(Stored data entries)
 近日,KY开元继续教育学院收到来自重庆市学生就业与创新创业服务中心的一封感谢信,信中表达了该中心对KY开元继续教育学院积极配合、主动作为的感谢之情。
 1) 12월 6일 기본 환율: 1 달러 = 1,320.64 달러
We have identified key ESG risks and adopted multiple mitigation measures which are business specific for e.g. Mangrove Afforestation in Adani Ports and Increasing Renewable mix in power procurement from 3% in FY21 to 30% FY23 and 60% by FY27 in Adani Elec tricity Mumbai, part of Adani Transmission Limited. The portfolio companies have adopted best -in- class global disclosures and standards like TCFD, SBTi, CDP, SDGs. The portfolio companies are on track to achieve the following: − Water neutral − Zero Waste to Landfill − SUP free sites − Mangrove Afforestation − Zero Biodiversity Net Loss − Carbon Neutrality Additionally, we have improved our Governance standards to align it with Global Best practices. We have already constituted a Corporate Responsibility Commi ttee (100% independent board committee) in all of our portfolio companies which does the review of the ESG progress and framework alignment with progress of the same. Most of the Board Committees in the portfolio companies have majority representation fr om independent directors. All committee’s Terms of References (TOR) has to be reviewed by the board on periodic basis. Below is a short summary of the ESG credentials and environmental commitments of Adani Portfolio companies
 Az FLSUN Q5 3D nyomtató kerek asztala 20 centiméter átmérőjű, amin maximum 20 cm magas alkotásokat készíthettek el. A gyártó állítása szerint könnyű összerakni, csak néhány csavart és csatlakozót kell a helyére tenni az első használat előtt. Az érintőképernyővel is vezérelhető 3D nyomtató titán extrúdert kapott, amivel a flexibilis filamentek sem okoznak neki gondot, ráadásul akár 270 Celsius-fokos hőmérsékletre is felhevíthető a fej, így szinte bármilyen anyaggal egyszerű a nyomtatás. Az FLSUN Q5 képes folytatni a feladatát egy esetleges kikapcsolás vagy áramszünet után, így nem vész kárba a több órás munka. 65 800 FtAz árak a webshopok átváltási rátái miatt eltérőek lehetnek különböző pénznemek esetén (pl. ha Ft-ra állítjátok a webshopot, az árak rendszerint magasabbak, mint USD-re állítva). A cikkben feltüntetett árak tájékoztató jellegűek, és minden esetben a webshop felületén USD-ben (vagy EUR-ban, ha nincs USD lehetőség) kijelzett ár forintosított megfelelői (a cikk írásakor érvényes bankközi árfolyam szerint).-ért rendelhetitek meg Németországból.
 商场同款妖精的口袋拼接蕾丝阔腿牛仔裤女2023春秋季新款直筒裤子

§ **EXERCISE REQUIREMENTS**:
Lines from the beginning of the data above through the line containing "1) 12월 6일 기본 환율: 1 달러 = 1,320.64 달러" are to be returned exactly, and no others.

§ **EXERCISE RESULT**:
 近日,KY开元继续教育学院收到来自重庆市学生就业与创新创业服务中心的一封感谢信,信中表达了该中心对KY开元继续教育学院积极配合、主动作为的感谢之情。
 1) 12월 6일 기본 환율: 1 달러 = 1,320.64 달러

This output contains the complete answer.